_Provided records:_
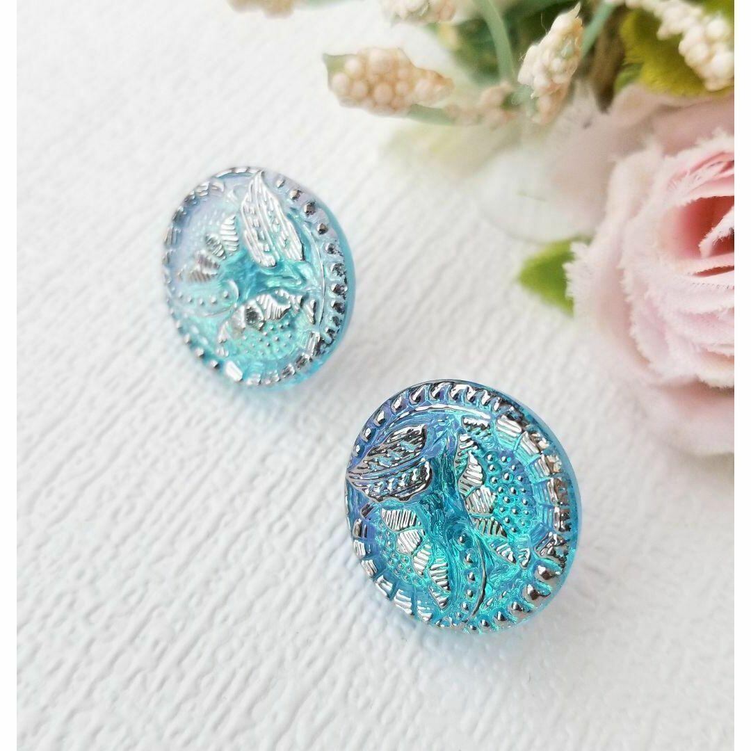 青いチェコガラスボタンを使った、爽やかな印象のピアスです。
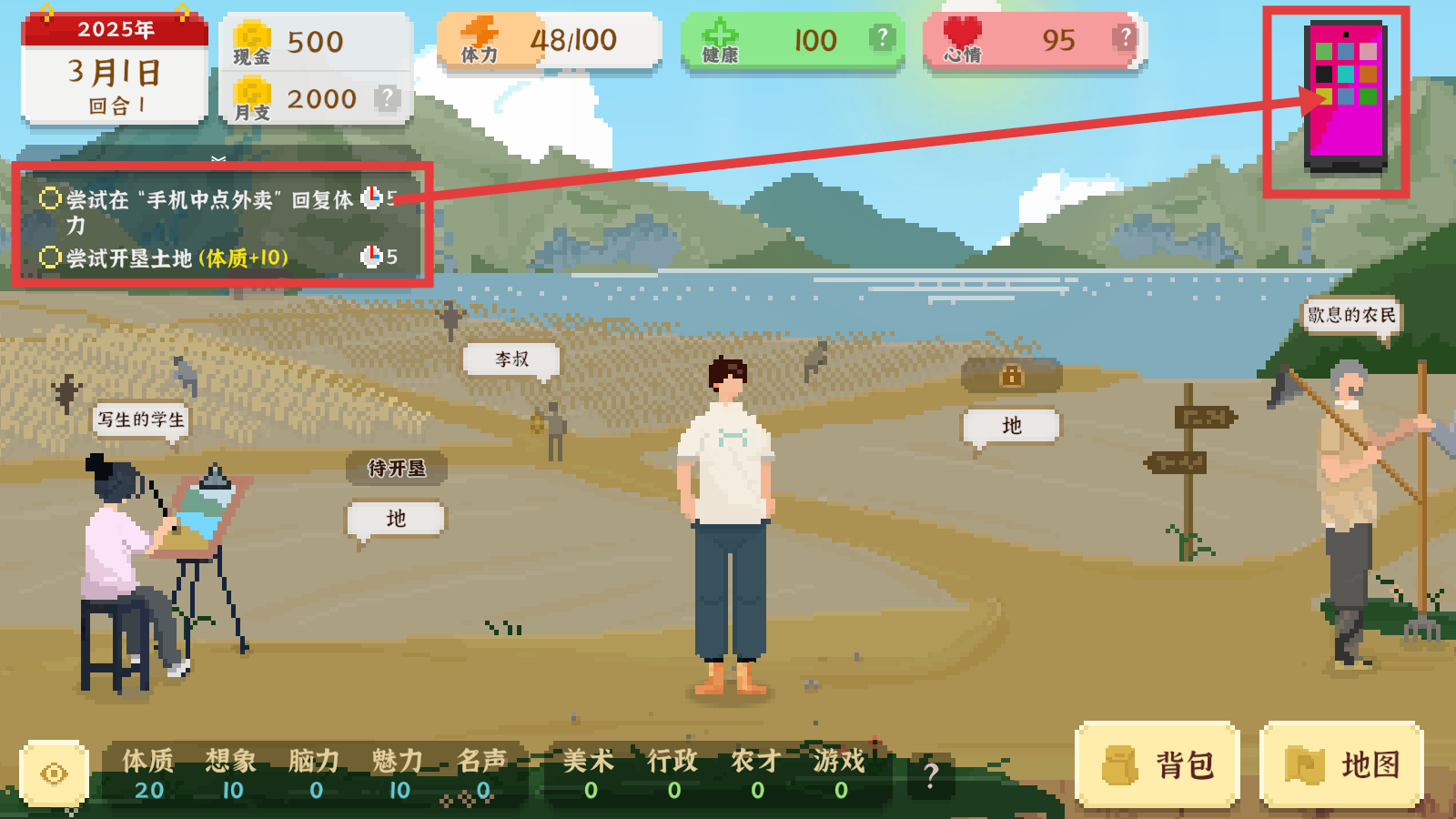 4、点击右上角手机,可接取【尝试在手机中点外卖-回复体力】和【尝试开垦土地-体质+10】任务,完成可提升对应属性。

...

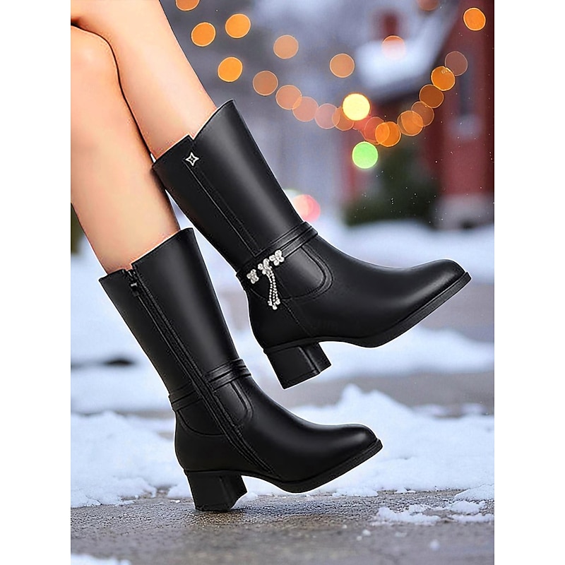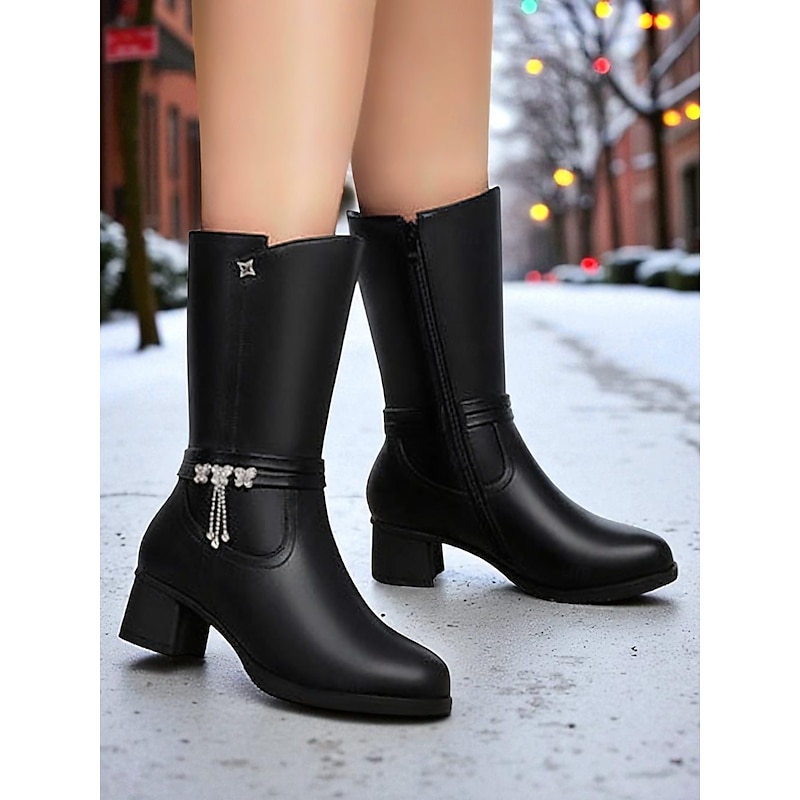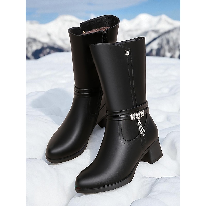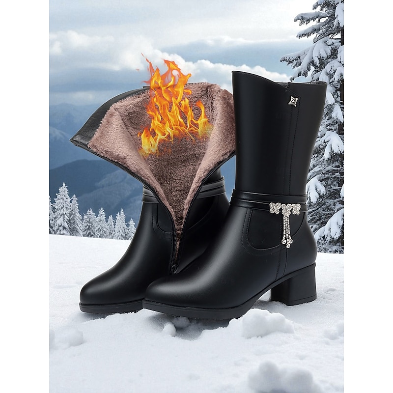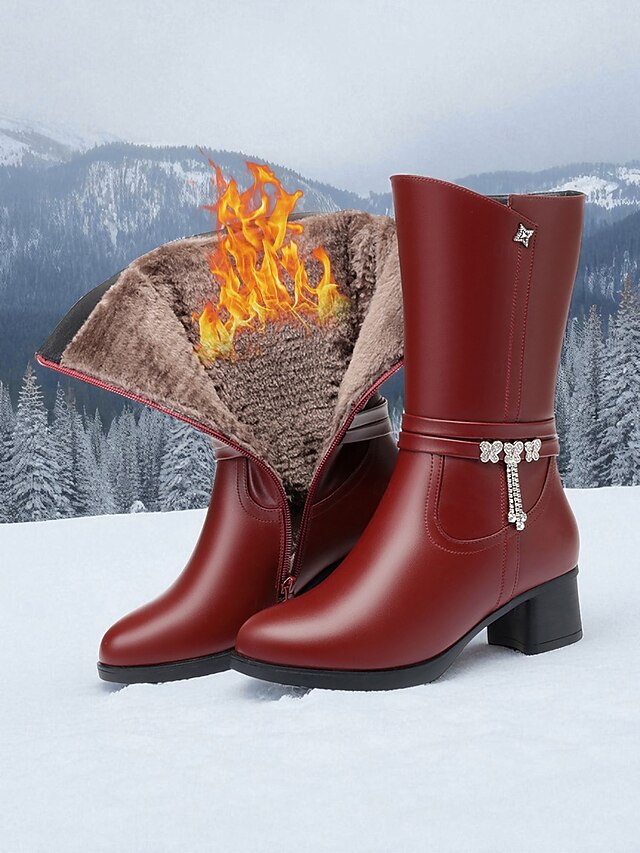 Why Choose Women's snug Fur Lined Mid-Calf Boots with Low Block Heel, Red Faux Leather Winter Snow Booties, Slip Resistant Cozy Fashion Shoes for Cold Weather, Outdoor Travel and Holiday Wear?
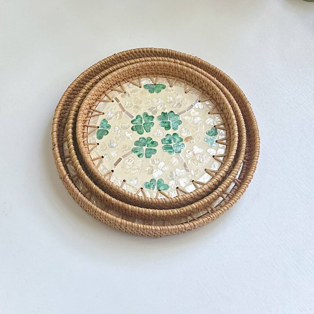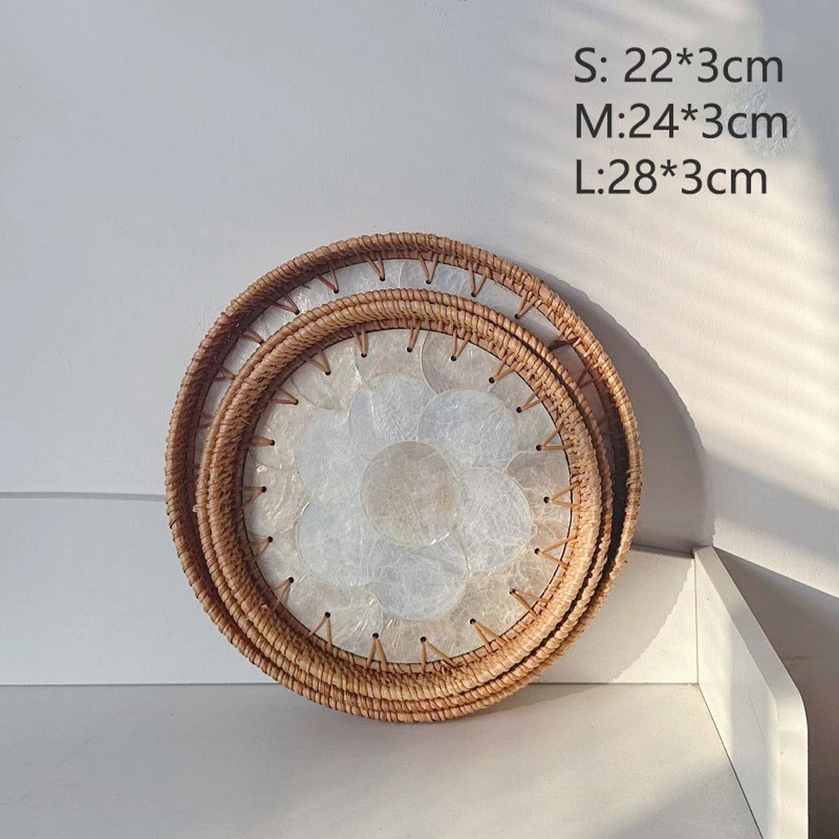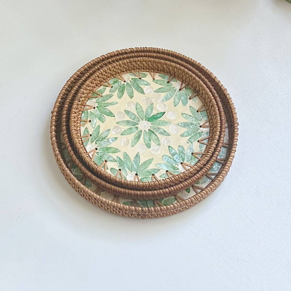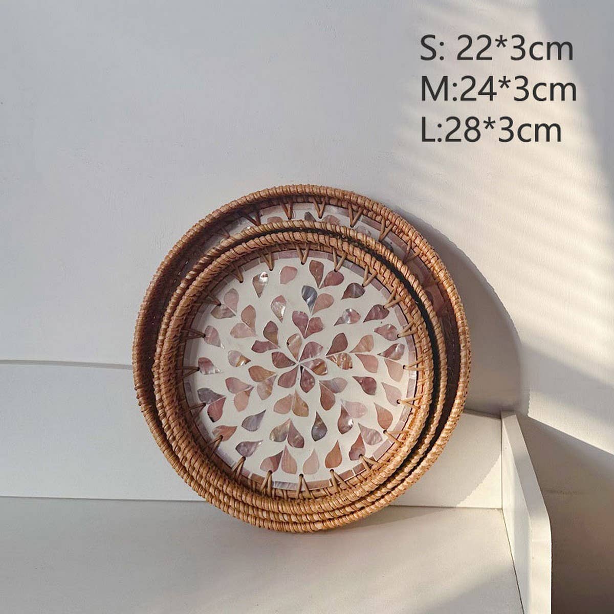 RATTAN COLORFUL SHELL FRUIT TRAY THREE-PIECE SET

_What is expected:_ What lines above run from the one with "Why Choose Women's" to the one with "RATTAN COLORFUL SHELL"? Give them again exactly, ends included, and leave the pictures out.

_Answer:_
 Why Choose Women's snug Fur Lined Mid-Calf Boots with Low Block Heel, Red Faux Leather Winter Snow Booties, Slip Resistant Cozy Fashion Shoes for Cold Weather, Outdoor Travel and Holiday Wear?
 RATTAN COLORFUL SHELL FRUIT TRAY THREE-PIECE SET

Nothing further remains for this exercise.